06 February 2007

NMT: 06 FEB 07 Yoko Ono --- I'm A Witch

Yoko Ono --- I'm A Witch

You read correctly, I'm reviewing the brand spanking new Yoko Ono release. The things I do for my public.

Seems like an appropriate change of pace after PYT week.

Overall impressions, it's not nearly as bad as you might fear, and in some ways is a pretty interesting project. On to the tracks.

1) Witch Shockotronica (Intro)
This album is all about the collaborations, on this song you have half of The Bomb Squad, Hank Shocklee providing some satisifyingly old school beats behind Yoko declaring that she's both a witch and a bitch. Nice stuff.

2) Kiss Kiss Kiss
Peaches is the person behind trying to sex up this septagenarian. Goes about as well as you'd expect an attempt at sexing up a septagenarian.

3) O'oh
This one kind of rocks. Shitake Monkey are the folks providing beats (wish they'd learn how to spell shiitake), it's a laid back and humorous vibe behind an unusually musical Yoko vocal.

4) Everyman...Everywoman
Blow-Up are the co-artists on this piece, and it's a peppy little rocker. Not much else to say. The lyrics are probably meant to be profound, but whatever.

5) Sisters O Sisters
Le Tigre offer up a deep dub groove behind a really off key vocal performance from the Ono one. Nobody does oddly off key like Yoko Ono. Take that as a warning, or recommendation, the choice is yours. I could live without the hackneyed sloganeering towards the end of the song, but you can take the 'radical' out of the 60s but you can't take the 60s out of the 'radical', I guess.

6) Death of Samantha
Porcupine Tree helping out here, and they provide some excellent acoustic guitar and a lushly sad setting to a surprisingly effective and emotionally touching song. Easily the best song on the album, a real surprise.

7) Rising
DJ Spooky helps out and puts together a really solid groove matched to some more fortune cookie philosophizing. Works pretty well, anyway, mainly cause it's more instrumental than anything.

8) Nobody Sees Me Like You Do
The Apples In Stereo here with Yoko trying to sing a song in a mostly normal way (weird, I know).

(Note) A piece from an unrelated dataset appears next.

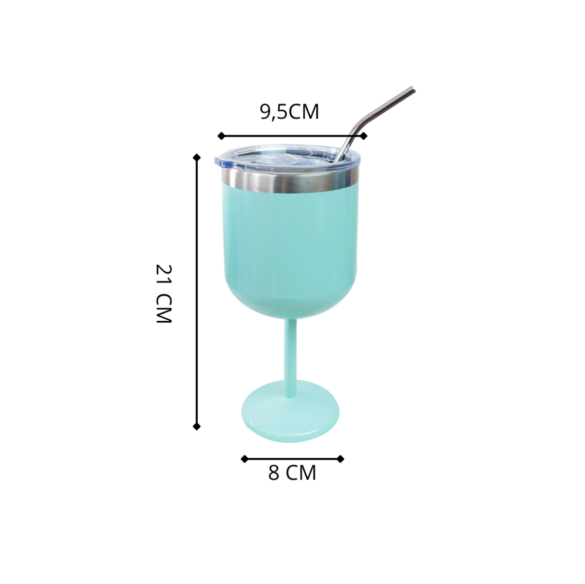 Taça com interior em inox e parte externa colorida, acompanhada de tampa plástica prática e canudo reutilizável em inox. Perfeita para bebidas geladas, não possui função térmica ou isotérmica.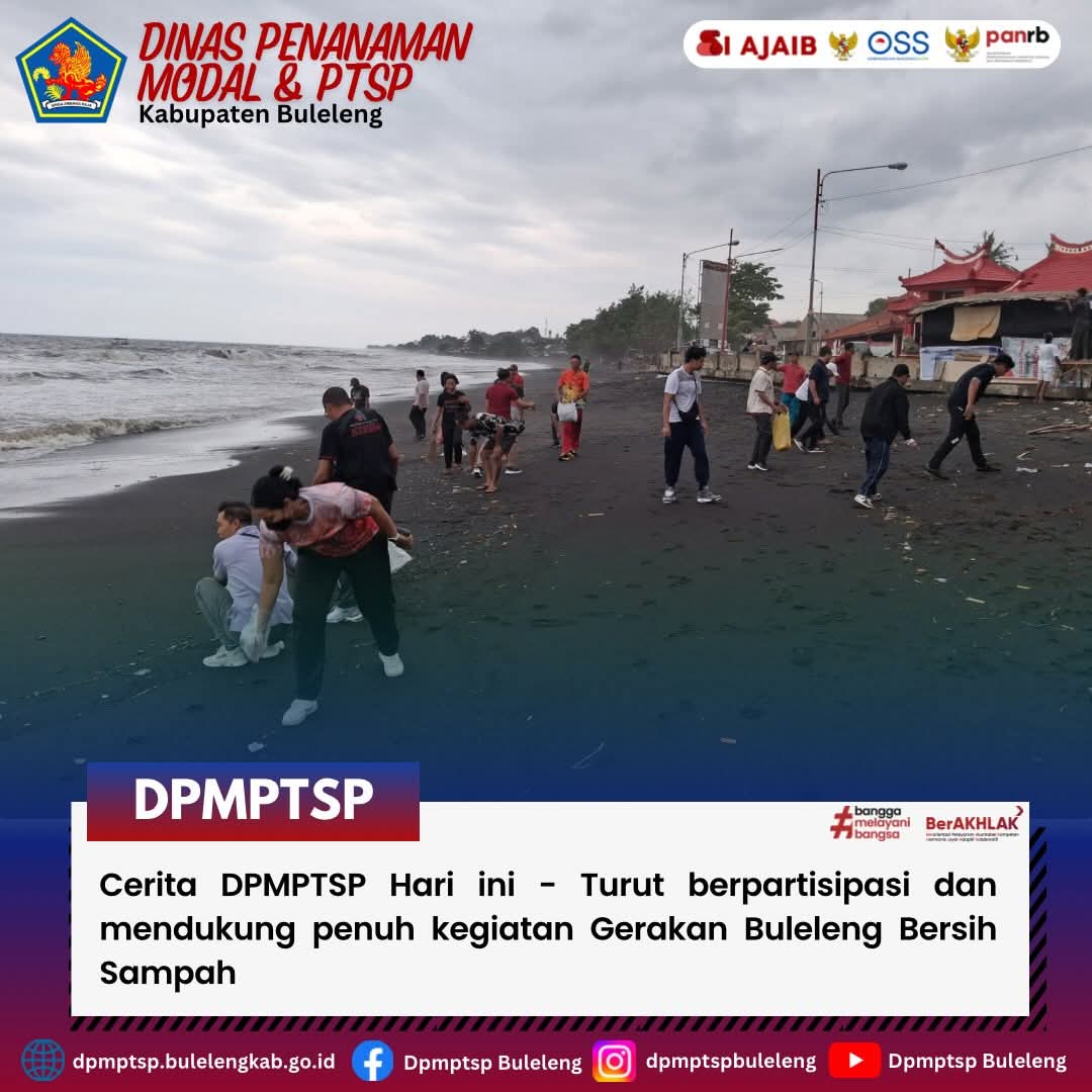 DPMPTSP Kabupaten Buleleng turut berpartisipasi dan mendukung penuh kegiatan Gerakan Buleleng Bersih Sampah yang dilaksanakan hari ini, 23 Januari 2026. Berlokasi di Pantai Kampung Baru, Kelurahan Kampung Baru, aksi ini merupakan wujud nyata kepedulian kami terhadap kelestarian lingkungan pesisir di Bumi Panji Sakti.

It's a bit of an old school Lou Reed doing Doo-Wop vibe going on here, at least as much as you could ever expect Yoko Ono to pull off. Interesting instrumentation here, and in this setting her vocals work well.

9) Yes, I'm A Witch
And she expects an argument against that statement? (Noisy fun, in a mid-80s arty-rap sort of way). (The Brother Brothers are the co-conspirators on this track)

10) Revelations
Cat Power matches Yoko with a sincere piano song and some interesting lyrics.

11) You And I
The Polyphonic Spree offering a somewhat subdued (for them) setting for a low key effort from Yoko. They wait to the very end to venture into Sgt. Pepper land.

12) Walking On Thin Ice
Jason Pierce goes with a bit of artnoise guitar god posturing mixed with a plodding beat and pushes the vocals way back in the mix. Works pretty well (less is more with Yoko's vocals it would seem).

13) Toyboat
Anthony and Hahn Rowe are the folks offering up Yoko in a electronic/ambient space singing about a toyboat. What else is there to say?

14) Cambridge 1969/2007
The Flaming Lips offer up some driving beats, droning (but pushed way back again) vocals from Yoko, and mostly turn her voice into an element on the keyboard rather than using her voice as voice. It's a fun ride.

15) I'm Moving On
The Sleepy Jackson (not to be confused with Luscious Jackson), go with anthemic/electronic, meh.

16) Witch Shocktronica (Outro)
Hank Shocklee again, and you can't have an Intro without an Outro, so here's the Outro. It's just a fraction of a piece really

17) Shiranakatta
Craig Armstrong gets to help Yoko close out this album, she starts out in Japanese, switches to French, then goes back to English. She sounds pretty good in Japanese and especially French. It's a good closing song, sounds big, with plenty of strings. Her voice can be surprisingly pleasing when she chooses.

So that's my impression of this album. Can't say that I'd buy it, but I will listen to it more than once. It's really a pretty interesting trip, and having a variety of acts provide a bunch of settings for Yoko seems like it was a wise move.